▶ [Extracted material]
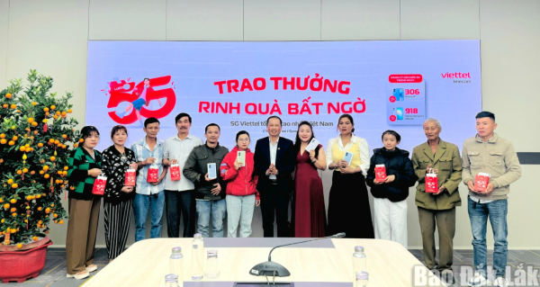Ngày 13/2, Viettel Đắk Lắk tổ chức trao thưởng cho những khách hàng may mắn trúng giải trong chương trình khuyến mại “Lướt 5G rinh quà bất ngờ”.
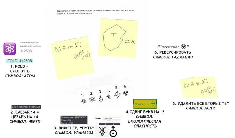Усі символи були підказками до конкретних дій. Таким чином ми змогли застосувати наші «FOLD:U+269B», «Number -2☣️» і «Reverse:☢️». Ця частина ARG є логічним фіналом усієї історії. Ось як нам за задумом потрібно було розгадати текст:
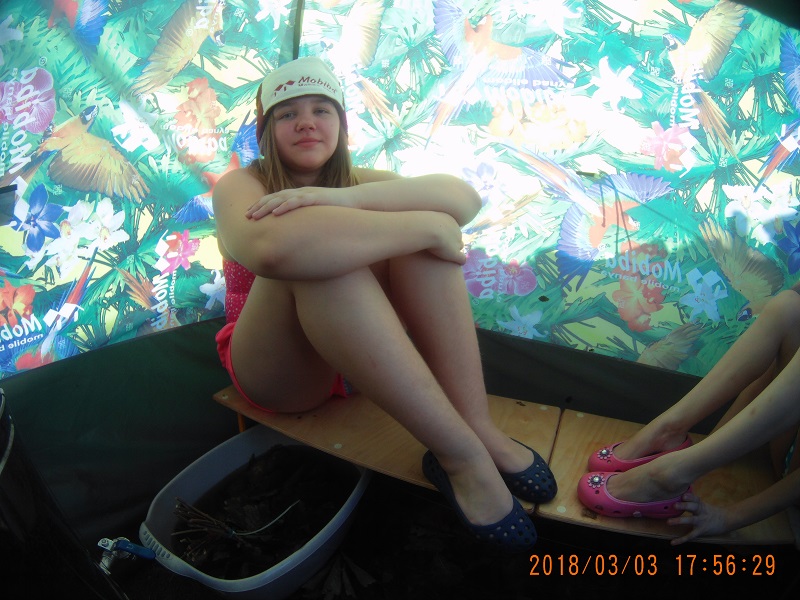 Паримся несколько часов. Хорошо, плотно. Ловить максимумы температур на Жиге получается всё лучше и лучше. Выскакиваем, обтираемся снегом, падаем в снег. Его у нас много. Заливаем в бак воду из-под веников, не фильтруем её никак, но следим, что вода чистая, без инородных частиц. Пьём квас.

---

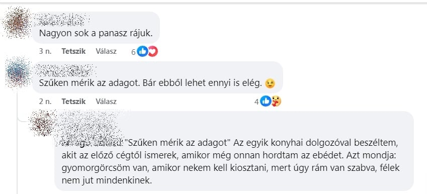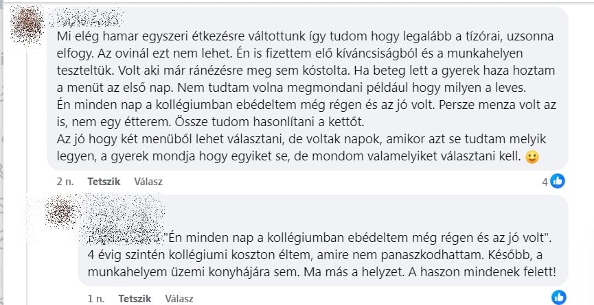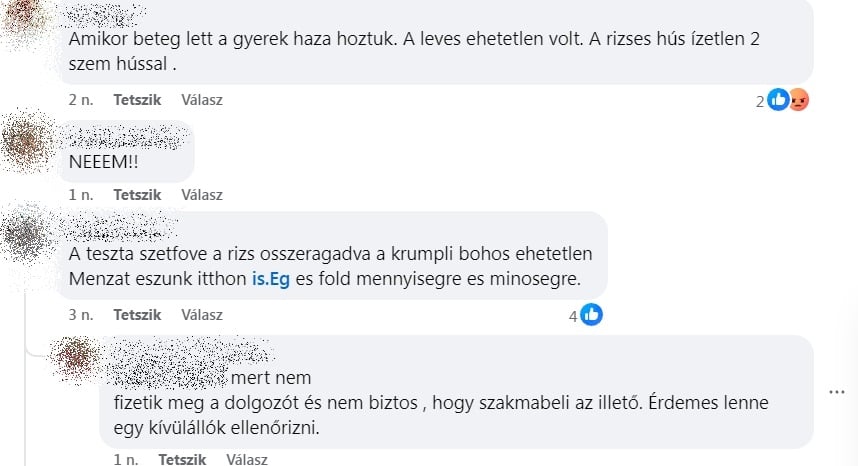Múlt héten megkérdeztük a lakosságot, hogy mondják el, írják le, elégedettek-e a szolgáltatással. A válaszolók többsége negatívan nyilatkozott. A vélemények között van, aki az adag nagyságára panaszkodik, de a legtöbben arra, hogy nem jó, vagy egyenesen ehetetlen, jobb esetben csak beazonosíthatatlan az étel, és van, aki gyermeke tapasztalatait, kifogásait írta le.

▶ [Exercise requirements] Each line above starting at the one holding "Ngày 13/2, Viettel" and ending at the one holding "Паримся несколько часов." should be set down exactly as it stands, both ends included, with no pictures.

▶ [Solution below]
Ngày 13/2, Viettel Đắk Lắk tổ chức trao thưởng cho những khách hàng may mắn trúng giải trong chương trình khuyến mại “Lướt 5G rinh quà bất ngờ”.
Усі символи були підказками до конкретних дій. Таким чином ми змогли застосувати наші «FOLD:U+269B», «Number -2☣️» і «Reverse:☢️». Ця частина ARG є логічним фіналом усієї історії. Ось як нам за задумом потрібно було розгадати текст:
 Паримся несколько часов. Хорошо, плотно. Ловить максимумы температур на Жиге получается всё лучше и лучше. Выскакиваем, обтираемся снегом, падаем в снег. Его у нас много. Заливаем в бак воду из-под веников, не фильтруем её никак, но следим, что вода чистая, без инородных частиц. Пьём квас.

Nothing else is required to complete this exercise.